Authentication endpoints for issuing OAuth tokens.
Issue OAuth access token
This endpoint is used to obtain an access token and optionally an ID token through different OAuth 2.0 grant types, including Client Credentials Flow. Whenever the mTLS flow is taken, the properties will be ignored, and the access token will be generated based on the credentials in the certificate (O or CN).
Headers
ET-Client-NameEntur Client Header.
It is required that all consumers identify themselves by using this header.

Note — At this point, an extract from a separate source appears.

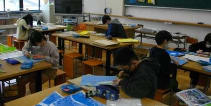 5年生は,図画工作科で色版画に取り組んでいます。

Entur will deploy strict rate-limiting policies on API-consumers who do not identify with a header and reserves the right to block unidentified consumers.
The structure of ET-Client-Name should be: <company>-<application> for companies, and <personal name>-<application> for individuals.
X-Correlation-IdCorrelation id
Issue OAuth access token › Request Body
passwordThe password
usernameThe username
client_idThe client ID (Client Credentials Flow)
grant_typeThe grant type: 'client_credentials', 'password', or 'refresh_token'.
client_secretThe client secret (Client Credentials Flow)
Issue OAuth access token › Responses
Successful token issuance.
expires_inThe lifetime of the access token in seconds.
token_typeThe type of the token.
access_tokenThe issued access token.
refresh_tokenThe optional refresh token.